On a global scale the shortage of professionals with digital skills is well known and reported with almost every CEO and CHRO reporting that their companies are not developing skills fast enough. The key to filling these gaps along with retaining the talent your organization already has, is to invest in a learning and development program with the added value of certification that suits the needs of your business and staff to ensure they have the right skills across IT, marketing and customer service to drive the business.
Over the past four years, T-Mobile US has turned itself into the fastest-growing carrier behind T&T and Verizon. Its customer based has more than doubled in this time and their network has significantly expanded.

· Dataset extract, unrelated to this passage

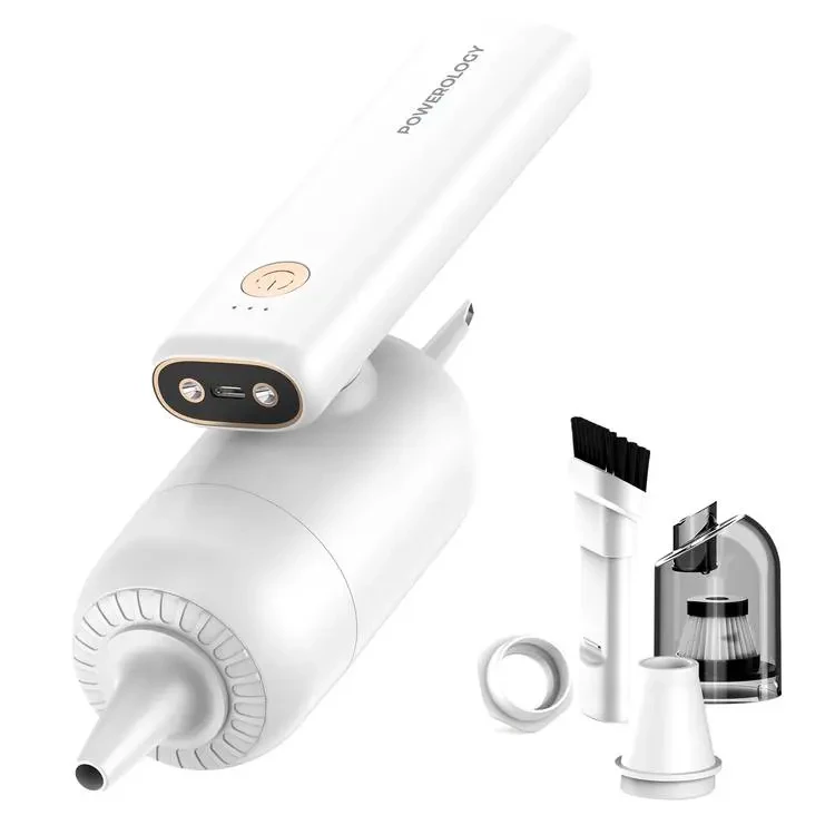 نقدم لكم جهاز Powerology القابل للطي بزاوية 180 درجة، وهو جهاز متعدد الوظائف يعمل بالمكنسة الكهربائية والمنفاخ والنفخ، باللون الأبيض.

So, how did they achieve this?
One of the drivers for this success was a company-wide approach to digital transformation across all relevant departments IT, marketing, customer service, and sales. For the IT department, their CIO looked at how technology could fit into T-Mobile’s vision and cost-effectiveness goals. Automation played a significant part, with over 83% of test scripts automated to free up time for the company's IT team while consistent and streamlined testing methods boosted efficiency and reduced the possibility of error. In order to facilitate this new way of thinking, T-Mobile hired experts they didn't have in-house for every stage of software development.
As a result, the IT department now works faster and smarter. The rewards of these new processes and hiring in-house talent, positively impacted on marketing and enabled a superior experience for their customers and drove personalization throughto each and every customer through targeted offers and relevant content drawn from high-speed analysis of data.
In tandem with this, a new CEO was appointed who set about changing the company's culture. He did this by addressing his 50,000 employees on a personal level, insisting that every time he spoke publicly to the company, all employees would be invited to watch. His goal is to '"Say thank you and help them see that their behavior and work has driven the culture of the company that's changed the industry and the whole world. It's a bit of a love affair."